V.18. Or je tiens qu’il n’y a pas de proportion entre les maux de cette vie, et cette gloire qui doit un jour paraître en nous.
[158] [...] Cela se peut entendre non seulement de la gloire éternelle, mais du bonheur que l’âme anéantie goûte même dès cette vie dans la souffrance. O si l’on savait à quel bonheur inconcevable l’on peut arriver dès cette vie ! Lorsque l’on est regardé de tout le monde comme des personnes malheureuses, on goûte un bonheur inconcevable. O Dieu ! vous seul le savez, et l’âme qui l’éprouve. Cette paix inaltérable, ce rassasiement parfait, cette égalité admirable que rien ne peut changer, en sont les fruits. [...]
V.21. D’être délivrés de cet asservissement à la corruption pour participer à la liberté de la gloire de son fond.
V.22. Car nous savons que jusqu’à cette heure, toutes les créatures soupirent et sont dans le travail de l’enfantement.
Cette espérance reste au milieu des plus grandes misères et c’est ce qui soutient l’âme. Au commencement elle est plus aperçue ; ensuite elle devient plus profonde et plus cachée ; cette espérance enfin ne devient plus que comme un instinct caché dans le plus profond de l’âme, qui penche à cette délivrance du poids de sa corruption : et plus ce poids vient sur sa fin, plus elle souhaite d’en être délivrée, jusqu’à ce qu’enfin elle ne puisse plus le souhaiter, parce que véritablement sa délivrance est faite, quoiqu’elle ne le connaisse pas toujours.

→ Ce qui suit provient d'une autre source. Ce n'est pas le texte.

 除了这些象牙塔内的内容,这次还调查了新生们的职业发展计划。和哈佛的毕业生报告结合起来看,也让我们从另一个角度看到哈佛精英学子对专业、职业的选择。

Car l’âme est un long temps délivrée de son poids sans connaître sa délivrance, à cause qu’elle en a été si fatiguée que la lassitude qui [160] lui en reste, est comme un poids et un lourd fardeau. Elle aperçoit cependant au travers de tout cela une certaine liberté, une largeur et une étendue, qu’elle n’avait pas auparavant, comme une personne qui était presque suffoquée dans la terre dont elle était accablée et couverte, se trouvant peu à peu plus dégagée, respire aussi peu à peu avec d’autant plus plaisir, qu’elle avait été privée de ce soulagement ; cependant ses douleurs et ses fatigues sont si grandes, qu’elle est comme une personne à demi endormie. Lorsqu’elle est de cette sorte, il lui semble toujours être chargée de son poids ; mais dans les moments qu’elle s’éveille, elle voit bien que cela n’est plus ; et après un peu de temps, elle est entièrement affranchie et du poids et de la lassitude. [...]

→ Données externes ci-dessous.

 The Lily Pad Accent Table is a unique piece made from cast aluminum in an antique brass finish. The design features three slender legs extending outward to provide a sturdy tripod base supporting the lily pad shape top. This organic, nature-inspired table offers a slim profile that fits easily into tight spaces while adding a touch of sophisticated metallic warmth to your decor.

Pour concevoir la pensée de saint Paul, il faut prendre les choses du côté du centre. Toutes les créatures tendent à leur centre, et ont une pente inconcevable d’y arriver, mais hélas ! elles sont toutes arrêtées ; et elles sont à cause de cela dans un état le plus violent du monde, jusqu’à ce qu’ayant franchi tous les obstacles, elles n’en trouvent plus, et qu’elles puissent, suivant leur cours naturel, s’écouler dans leur fin. Cela [161] est autant pour les créatures inanimées que pour les raisonnables.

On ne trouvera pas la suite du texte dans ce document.